Changes in version 1.0 (major upgrade)
* Upgraded principal internal data structure from string to lattice.
* Improvements mostly in vowelization of South and Southeast Asian languages.
* Vocalic 'r' more consistently treated as vowel (no additional vowel added).
* Repetition signs (Japanese/Chinese/Thai/Khmer/Lao) are mapped to superscript 2.
* Japanese Katakana middle dots now mapped to ASCII space.
* Tibetan intersyllabic mark now mapped to middle dot (U+00B7).
* Some corrections regarding analysis of Chinese numbers.
* Many more foreign diacritics and punctuation marks dropped or mapped to ASCII.
* Zero-width characters dropped, except line/sentence-initial byte order marks.
* Spaces normalized to ASCII space.
* Fixed bug that in some cases mapped signs (such as dagger or bullet) to their verbal descriptions.
* Tested against previous version of uroman with a new uroman visual diff tool.
* Almost an order of magnitude faster.
Changes in version 0.7 (minor upgrade)
* Added script uroman-quick.pl for Arabic script languages, incl. Uyghur.
Much faster, pre-caching mapping of Arabic to Latin characters, simple greedy processing.
Will not convert material from non-Arabic blocks such as any (somewhat unusual) Cyrillic
or Chinese characters in Uyghur texts.
Changes in version 0.6 (minor upgrade)
* Added support for two letter characters used in Uzbek:
(1) character "ʻ" ("modifier letter turned comma", which modifies preceding "g" and "u" letters)
(2) character "ʼ" ("modifier letter apostrophe", which Uzbek uses to mark a glottal stop).
Both are now mapped to "'" (plain ASCII apostrophe).
* Added support for Uyghur vowel characters such as "ې" (Arabic e) and "ۆ" (Arabic oe)
even when they are not preceded by "ئ" (yeh with hamza above).
* Added support for Arabic semicolon "؛", Arabic ligature forms for phrases such as "ﷺ"
("sallallahou alayhe wasallam" = "prayer of God be upon him and his family and peace")
* Added robustness for Arabic letter presentation forms (initial/medial/final/isolated).
However, it is strongly recommended to normalize any presentation form Arabic letters
to their non-presentation form before calling uroman.
* Added force flush directive ($|=1;).
Changes in version 0.5 (minor upgrade)
* Improvements for Uyghur (make sure to use language option: -l uig)
Changes in version 0.4 (minor upgrade)
* Improvements for Thai (special cases for vowel/consonant reordering, e.g. for "sara o"; dropped some aspiration 'h's)

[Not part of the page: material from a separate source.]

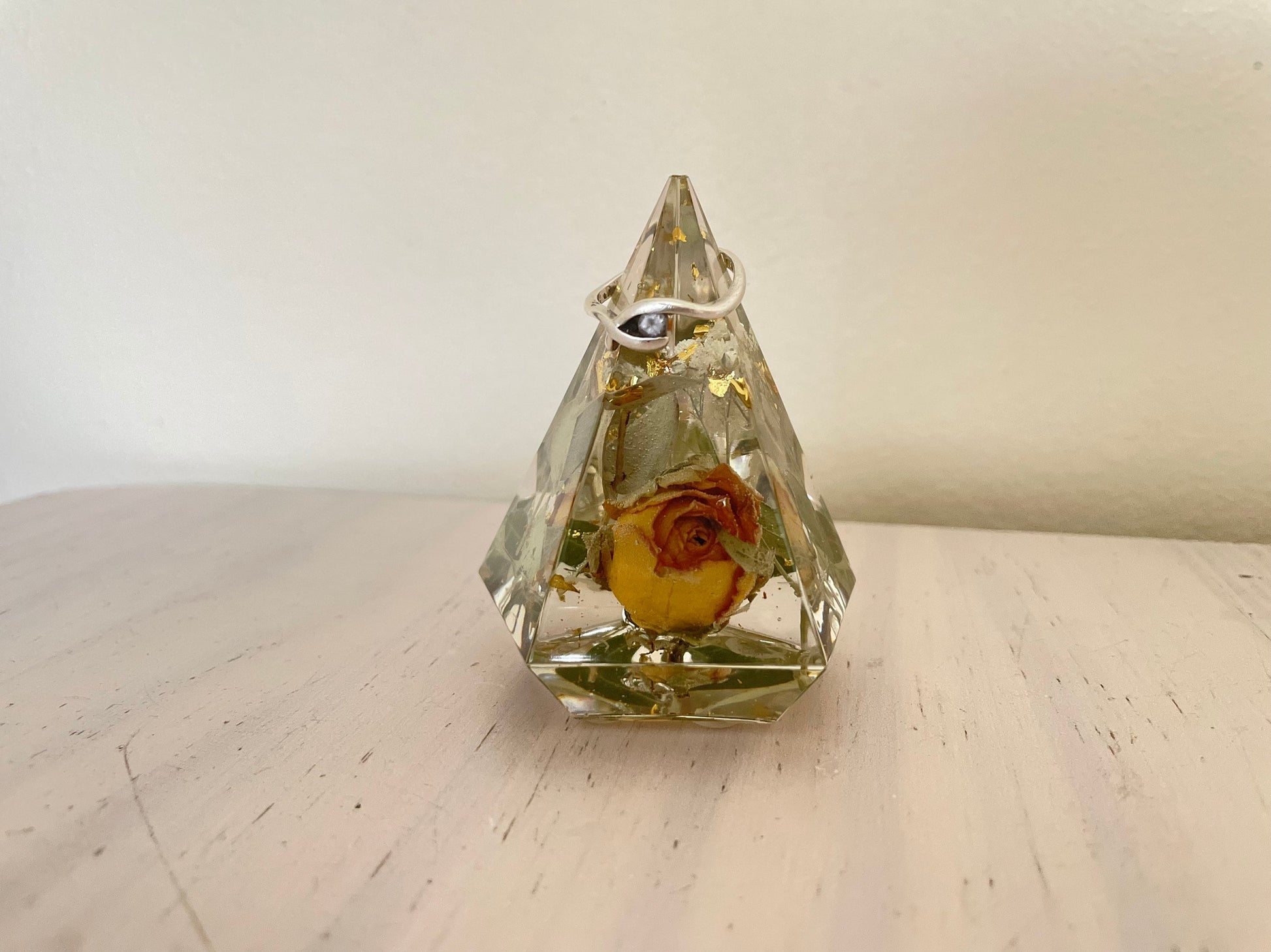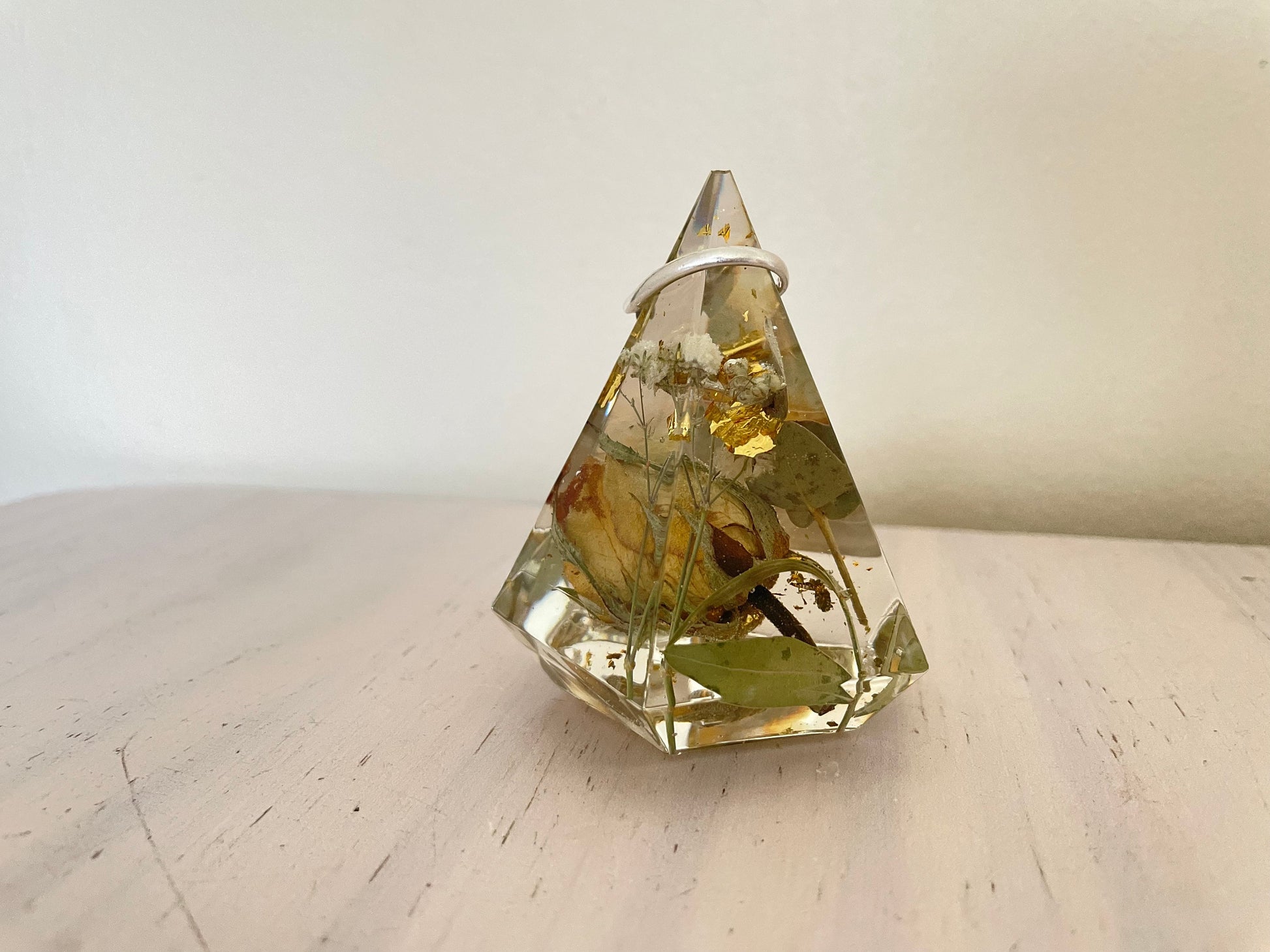 Flower preservation ring cone, wedding bouquet flower preservation, wedding ring storage, geometric ring holder, wedding bouquet keepsake,

* Minor change for Arabic (added "alef+fathatan" = "an")
New features in version 0.3
* Covers Mandarin (Chinese)
* Improved romanization for numerous languages
* Preserves capitalization (e.g. from Latin, Cyrillic, Greek scripts)
* Maps from native digits to Western numbers
* Faster for South Asian languages
Other features
* Web interface: http://www.isi.edu/~ulf/uroman.html
* Vowelization is provided when locally computable, e.g. for many South Asian
languages and Tibetan.
Limitations
* This version of uroman assumes all CJK ideographs to be Mandarin (Chinese).
This means that Japanese kanji are incorrectly romanized; however, Japanese
hiragana and katakana are properly romanized.
* A romanizer is not a full transliterator. For example, this version of
uroman does not vowelize text that lacks explicit vowelization such as
normal text in Arabic and Hebrew (without diacritics/points).